After lunch, I went home to tackle some winter cleaning. I’d been reading Marie Kondo’s book, The Life Changing Magic of Tidying Up, and was inspired to try my hand at organizing all my clothes. She recommends you take out every single item of clothing you have and lay it out all around you as a starting point. I was so overwhelmed by the mountains of clothes that I had about three pots of Genmaicha tea.

That evening, I had dinner with a few of my best friends from high school, who were in town for the holidays.  We went to Bricolage in Brooklyn, where I had the best spring rolls in recent memory. They’re something I usually order even if they’re not often good in New York.

We also had lots of papaya salad, shishito peppers, and all shared the duck cassoulet, shrimp clay pot, and peekytoe crab glass noodles, along with a bottle of Assyrtiko wine.

Two of my friends had just gotten engaged and their fiancés were with them, so we decided to make a night of it and ventured out after dinner, which is not something I’ve done in a long time. We showed up at Union Hall where we immediately ran into another high-school friend. I went to a tiny all-girls’ school (I transferred from public school through this really amazing program) and the frequency with which I see Brearley alums is disproportionate to the number of us out there.

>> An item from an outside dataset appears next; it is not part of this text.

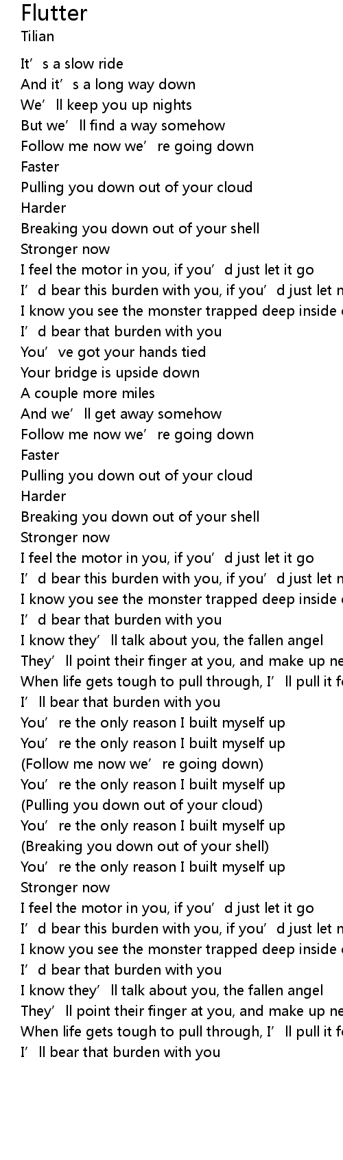 | [00:50.29] | I feel the motor in you, if you' d just let it go |

We all felt slightly too old and out of place there — it was super-crowded, there was no place to move — so we quickly finished our beer and relocated to Blueprint down the street. That felt a lot better, and I had two cocktails there. The first was the Marksman, which reminded me of something that would be on our cocktail menu. It had apple brandy, pear liqueur, and allspice dram, and tasted appropriately festive. My second cocktail was a rye-based twist on a Manhattan. In hindsight, I definitely didn’t need that one.

Saturday, December 22
I was immensely hungover, which didn’t make a lot of sense and was highly unfortunate because I was on a double. Again, a strawberry Perrier to start the day.

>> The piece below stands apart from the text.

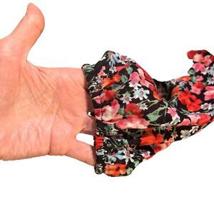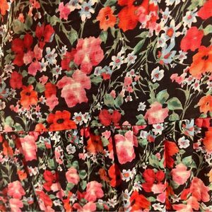 This dress is a floral garden! Vibrant red and pink flowers with some white flowers and green leaves mixed in!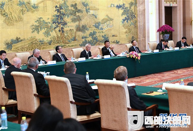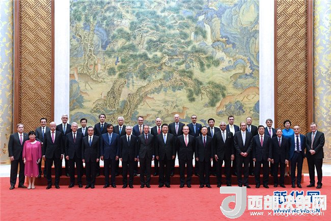 6月21日,國家主席習(xí)近平在北京釣魚臺(tái)國賓館會(huì)見來華出席“全球首席執(zhí)行官委員會(huì)”特別圓桌峰會(huì)的知名跨國企業(yè)負(fù)責(zé)人,并同他們座談交流。新華社記者丁林?jǐn)z

As soon as I got into King, I made myself a double espresso. It didn’t help all that much, so I had another one along with a chocolate crinkle cookie that our sous chef had baked and brought in.

The kitchen took pity on me at the end of lunch service and made me a plate of carta with anchovy butter and Italian chili, as well as a square of the pissaladiere that just came out of the oven. If you’ve never had pissaladiere, you haven’t lived. It’s a savory puff pastry tart with caramelized onions and a lattice of anchovies dotted with olives and marjoram. It’s one of my favorite foods in the world, and makes me think that maybe anchovies are the solution to hangovers.  I didn’t realize how much I eat anchovies until I did this!

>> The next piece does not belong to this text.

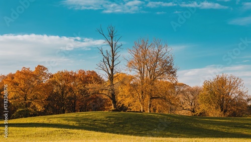 © vxnaghiyev, Naklejka premium Changing foliage on trees in early autumn, seasonal change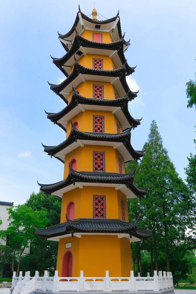银岭塔,七层塔式砖混结构建筑,建于上世纪80年代,集照明,贮水和景观于一体的现代建筑。古式塔型,与古渡千年呼应,与整体园林风格相融。

Family meal that day was penne with tomato sauce, which I ate too much of, as well as a few spoonfuls of smashed coco blanc.

Sunday, December 23
My boyfriend and I woke up starving after a late night binge of Friday Night Lights, so we made some fried rice with the leftovers in the fridge which we had with more strawberry Perrier. (I know I’m five years — okay, ten years late to this show.) I mostly cook Chinese home food at home. My parents are from China, and my mom cooked every meal at home, every single night growing up. When I went to private school, a lot of assimilating to it was this exploration of this food world that I had never experienced before. I remember I had a bagel for the first time, and people were shocked I had never had one before.

Later that night, I met up with a friend at the bar at King, and we shared the panisse, finochietta, and anchovy grissini, as well as the winter leaf salad with fresh ricotta and walnuts, and the poached trout. I drank a few glasses of my favorite wines on our by-the-glass list, as well as a few glasses that were off the list.

My boyfriend came over after work and we shared a bottle of Eaue de Pluie from Closel that was delicious.

Monday, December 24
I was meeting my parents in the afternoon to drive out to Scarsdale for Christmas. While I tidied my apartment (KonMari style), I made myself leftover Singapore chow fun doctored with Thai bird’s-eye chili and soy sauce.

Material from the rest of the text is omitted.